Fast forward to June of 2017, with a new administration setting the tone to take on China directly, bring manufacturing back to our shores, re-start our mining efforts, and rollback regulations throttling our energy independence—and perhaps more. Sellout: How Washington Gave Away America’s Technological Soul, and One Man’s Fight to Bring It Home (6/17) brings my Washington insider Jim Kennedy’s story into the spotlight. Award-winning journalist Victoria Bruce shares Jim’s story of a committed patriot working incessantly to shake Congress and the Pentagon establishment to wake up to how reliant we have become on China for our very freedom and way of life. The status quo has failed us, China has outwitted us by using market forces against us, and no one seems to have an answer—except Jim and his unorthodox cadre of patriots.

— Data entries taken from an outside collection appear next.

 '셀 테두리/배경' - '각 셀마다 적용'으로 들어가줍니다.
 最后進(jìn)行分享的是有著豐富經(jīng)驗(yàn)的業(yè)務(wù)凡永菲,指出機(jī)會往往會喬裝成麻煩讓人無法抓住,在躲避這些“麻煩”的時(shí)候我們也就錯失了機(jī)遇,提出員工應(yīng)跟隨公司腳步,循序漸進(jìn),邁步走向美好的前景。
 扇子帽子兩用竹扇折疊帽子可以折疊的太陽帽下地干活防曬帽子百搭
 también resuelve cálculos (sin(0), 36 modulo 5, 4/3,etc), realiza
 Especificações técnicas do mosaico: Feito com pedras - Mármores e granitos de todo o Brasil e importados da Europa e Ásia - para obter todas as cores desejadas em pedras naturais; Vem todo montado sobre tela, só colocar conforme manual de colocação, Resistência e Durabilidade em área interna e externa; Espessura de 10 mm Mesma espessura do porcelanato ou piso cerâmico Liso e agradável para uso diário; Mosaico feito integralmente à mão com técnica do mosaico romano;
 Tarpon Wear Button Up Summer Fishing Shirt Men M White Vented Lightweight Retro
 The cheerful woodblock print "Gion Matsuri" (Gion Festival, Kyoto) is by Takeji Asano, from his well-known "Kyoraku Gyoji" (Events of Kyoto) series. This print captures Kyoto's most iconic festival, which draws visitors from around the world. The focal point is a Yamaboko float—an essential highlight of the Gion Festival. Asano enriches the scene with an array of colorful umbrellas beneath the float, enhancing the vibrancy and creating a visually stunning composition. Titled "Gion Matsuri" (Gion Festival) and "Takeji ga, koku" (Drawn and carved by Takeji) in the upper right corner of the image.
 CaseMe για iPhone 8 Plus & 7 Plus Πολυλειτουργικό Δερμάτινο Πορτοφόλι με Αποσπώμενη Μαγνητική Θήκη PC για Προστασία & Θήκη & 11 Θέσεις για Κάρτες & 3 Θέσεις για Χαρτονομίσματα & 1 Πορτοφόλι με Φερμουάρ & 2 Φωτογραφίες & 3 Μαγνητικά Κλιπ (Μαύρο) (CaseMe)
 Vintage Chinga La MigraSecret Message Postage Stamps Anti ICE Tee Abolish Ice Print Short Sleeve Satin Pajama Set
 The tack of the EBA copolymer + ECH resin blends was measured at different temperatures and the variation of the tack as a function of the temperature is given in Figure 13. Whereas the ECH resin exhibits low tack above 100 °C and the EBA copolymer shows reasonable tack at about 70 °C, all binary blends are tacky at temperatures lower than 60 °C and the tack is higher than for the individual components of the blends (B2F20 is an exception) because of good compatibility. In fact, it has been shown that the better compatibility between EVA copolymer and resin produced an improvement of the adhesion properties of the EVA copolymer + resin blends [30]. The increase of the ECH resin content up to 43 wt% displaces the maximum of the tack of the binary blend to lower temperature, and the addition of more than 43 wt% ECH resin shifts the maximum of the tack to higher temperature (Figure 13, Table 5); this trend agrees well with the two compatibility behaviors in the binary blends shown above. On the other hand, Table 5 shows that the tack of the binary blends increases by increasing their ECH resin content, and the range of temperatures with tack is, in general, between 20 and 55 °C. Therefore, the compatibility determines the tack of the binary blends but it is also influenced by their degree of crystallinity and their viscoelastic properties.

And next up, another of Rare Mettle’s endorsers, Future War: Preparing for the New Global Battlefield (9/17) by Major General (retired) Robert H. Latiff. With over 30 years serving our country, including a stint as commander of Cheyenne Mountain Operations Center, his endorsement of Rare Mettle was a true honor: “a plausible and frightening story about America’s absolute dependence on Chinese rare earth metals and the head-in-the-sand behavior of Silicon Valley elites and DOD bureaucrats when all the warning signals were flashing red.” His own ethics-based book on what the state of war is and should be is worth reading and considering, before it’s too late.
What do these books have in common? A drumbeat of people outside the political establishment, all warning that the 15-second soundbites and 140-character tweets are no substitute for grounding yourself on what future conflicts will look like.
After 9/11, everyone cried, “Why didn’t someone connect the dots?” Here are the dots, in a perfect timeline spanning years, yet very few of our citizens are aware of our current danger.
Please read these books, write reviews, share with your friends, talk with your co-workers, and raise the rallying cry of these six authors. With foreboding, we present the contexts for future war with the hope that understanding the realities of situation may galvanize action to mitigate risks and secure our prosperity for generations to come.